Acı çekenler Roma'nın her yerinden topluluklara akın etti ve burada Hıristiyanlığa geçtiler. Çünkü hiç kimse sürüyle Celileliler kadar ilgilenmedi. Hıristiyan doktorlar ücretsiz (ücretsiz) tedavi ediyor ve hastalar için ilaçları kendileri hazırlıyorlardı. Genç papaz, hastalar için doktor arıyordu ve doktorlar da ona hastalarına nasıl bakacağını öğretiyordu.

Barınağı olmayanlar ise kutsal bakireyi Hıristiyanların evlerine yerleştirdiler.
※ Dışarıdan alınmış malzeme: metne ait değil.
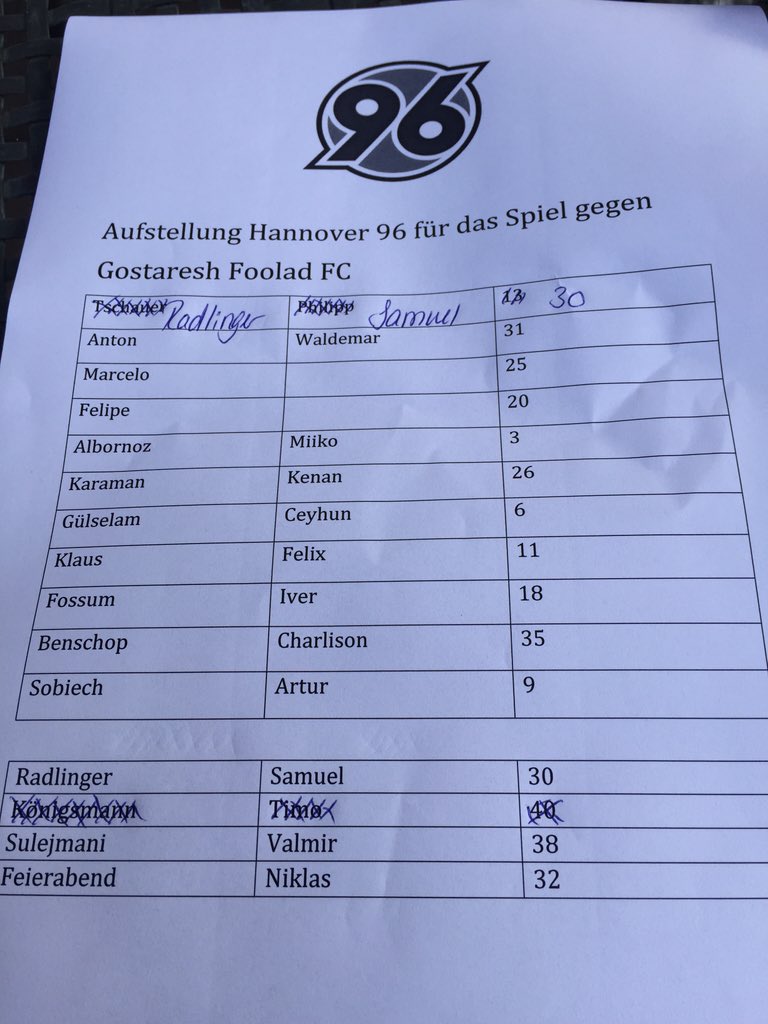 Hier die Aufstellung gegen Gostaresh. Wenn Schaaf wieder komplett durchwechselt, wäre die Aufstellung ggn Stuttgart dann diese: Zieler - Sakai, Hoffmann, Schulz, Sorg - Sané, Yamaguchi - Prib, Schmiedebach, Bähre - Szalai

Topluluğun geri kalanı yoksullara yiyecek götürdü ve hastanelere ve hapishanelere yiyecek bağışladı.

“Tanrı'nın Kilisesi'ni gayretle önemseyerek yeni bilgiler üzerinde çalıştı, emeklerini ve başarılarını artırdı ve bedensiz Melekler gibi Mesih'teki komşularına hizmet etti…” (İkos 3).

Aziz Tatiana'nın Hayatı, 226 yılında Senato'nun, Roma'nın tüm sakinlerine pagan tanrılara halka açık bir kurban sunma emri verdiğini kanıtlıyor. Bu, gizli Hıristiyanları tespit etmek ve onları adalet önüne çıkarmak için yapıldı. Askerler ve hizmetliler her yerde Senato'ya itaat etmekten kaçanları arıyordu. Ve böylece Hıristiyan topluluğunun sığınağına sığındılar ve üyelerinden bu emri yerine getirmelerini talep etmeye başladılar. Kutsal bakire kendisini bir papaz olarak tanıttı ve liderlerine şöyle dedi:

226 yılında Senato, Roma'nın tüm sakinlerinin pagan tanrılara halka açık bir kurban sunmaları yönünde bir emir yayınladı. Bu, gizli Hıristiyanları tespit etmek ve onları adalet önüne çıkarmak için yapıldı.

– Tek Tanrı'ya, Baba'ya, Oğul'a ve Kutsal Ruh'a inanıyoruz. Başka tanrıları tanımıyoruz ve kurbanımız ikiyüzlülük olacak. Bize eziyet etmeyin, görüyorsunuz, burada çok hasta insan var, onların huzura ihtiyacı var. Senin ve askerlerinin burada olmanıza gerek yok.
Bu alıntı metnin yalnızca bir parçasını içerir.